The 21st Century Cures Act (Cures Act), designed to speed up the process of medical advances, was signed into law on December 13, 2016. Expanding on the FDA’s commitment to incorporate patient perspectives into the development of devices, biological products, and drugs, the Cures Act allows for clinical trial designs to be modernized in order to make the development and review of new products more efficient by allowing for the inclusion of real-world evidence and clinical outcome assessments.
While the Cures Act has been law for four years now, there are still developments taking place and questions with regard to the specifics of the Act and how they will affect daily operations across the healthcare industry. Let’s look at how the Cures Act affects healthcare technology, as well as where the current timeline stands for these new regulations, particularly in light of the COVID-19 pandemic.
The Cures Act and EMR Certification
Part of the strategy behind the Cures Act was to address the ongoing challenges with regard to data interoperability and EHRs. Under the Cures Act, the Secretary of Health & Human Services (HHS) was directed to create workable processes for many of the provisions in the law, leading to two proposed rules being published in 2019.
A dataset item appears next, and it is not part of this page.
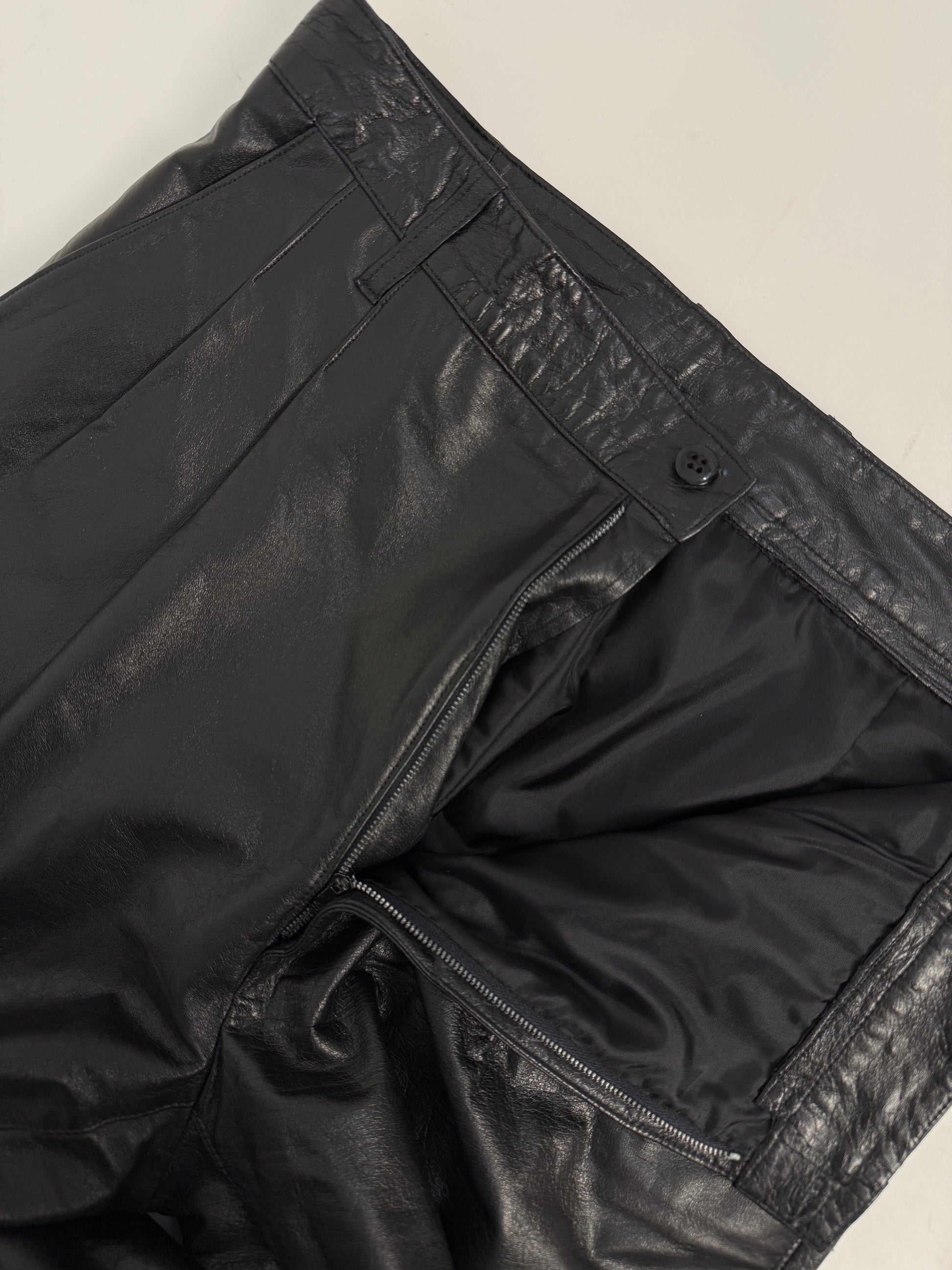 Un classico rock dal taglio rilassato: morbidi pantaloni in vera pelle nera, con vita medio-alta, pinces frontali e passanti per cintura. La gamba dritta e piena cade lunga creando un bellissimo effetto over-boot

One of the proposed rules was from the Office of the National Coordinator for Health Information Technology (ONC), which was targeted at providers, practices, patients, and technology developers. Under this proposed rule there are a number of provisions that directly affect Electronic Medical Record (EMR) and Electronic Health Record (EHR) vendors. These provisions are as follows:
- Significant upgrades are required to the approximately 680 EMR/EHR products that currently carry 2015 Edition certification through ONC in order to maintain certification. It’s expected that CMS will require providers to use software that is certified at this more robust level in order to participate in quality reporting programs moving forward.
- Certified EHRs will be required to support application programming interfaces (APIs) in order to increase data access across different EHR vendors and third-party applications, allowing for increased transparency and greater interoperability.
- EHRs will be required to replace the existing standard of the Continuity of Care Document with the United States Core Data for Interoperability (USCDI) standard as their minimum set of patient data elements that is shared between EHRs.
- Health IT developers will be limited in the fees they can charge for development of and ongoing upgrades to APIs.
Again, the focus of each of these provisions is to encourage and enable interoperability in order to bring about better access to patient health data and, ultimately, improved patient outcomes.
What will EMRs need to develop?
In order to support the increased focus on interoperability, EMRs will need to develop their systems subject to the HL7 (Health Level Seven) FHIR (Fast Healthcare Interoperability Resources) standard to allow for healthcare information, whether clinical or administrative, to be securely available to the each of the individuals who have a right to access that data for the purpose of patient care, regardless of the software program they utilize.
For practices, the use of FHIR means the ability for the experience of exchanging healthcare data to more closely mirror similar experiences in other industries where such transactions are more streamlined. It’s also likely to allow for more integrated use of Patient Generated Health Data (PGHD) that is created through the use of wearable devices and monitoring gadgets by serving as the missing link that patients and providers have been looking for to easily streamline and integrate data into their EHR systems.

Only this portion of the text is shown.